I will try to implement these methods in Python.
That would be a great addition
I have tried to implement MLSMOTE in Python, but since I am not an experienced Python programmer, it consists of a lot of stackoverflow solutions and ugly code. As far as logic is concerned, it should be correct. https://gist.github.com/SimonErm/b06c236cafdeb79fdf7adb90aef04fec
@SimonErm I encourage you to add docstrings, write comments with your intention wherever you think it is appropriate, write some tests and open a PR in draft mode, so we could discuss your code in the PR.
@SimonErm I tried you code and it works but it generates a random number of samples i,e I cant specify how many samples I would need. Is there a way to do that? Also, it would be good it you can share the paper
@Vishnux0pa That's because the number of generated labels is driven by the imbalance ratio of each label which is also discribed in the paper. You can find a reference in the description of the PR . It's the same mentioned by daanvdn:
I found the article below that proposes MLSMOTE, an adaptation of SMOTE to multi-label problems:
Charte, Francisco, et al. "MLSMOTE: Approaching imbalanced multilabel learning through synthetic instance generation." Knowledge-Based Systems 89 (2015): 385-397.

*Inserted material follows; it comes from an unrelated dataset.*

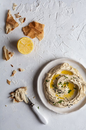 Hummus traditional middle eastern homemade appetizer healthy vegan paste snack flat lay with natural ingridients, tahini, paprika, olive oil, pitta. Healthy vegetarian diet nutrition protein food

There is also an (open-source) java implementation on github: https://github.com/tsoumakas/mulan/blob/master/mulan/src/main/java/mulan/sampling/MLSMOTE.java
@xelandar there is already a PR here but it hasn't got a review yet, probably due to lack of time.
I have created a new PR that implements MLSMOTE: https://github.com/scikit-learn-contrib/imbalanced-learn/pull/927.
Hi, it would be great to have a version of classification_report_imbalanced
for multilabel imbalanced data. Do you plan to implement it?
We should add support to multilabel when
y
can be converted back to multiclass. It means that the sum of each row should be one.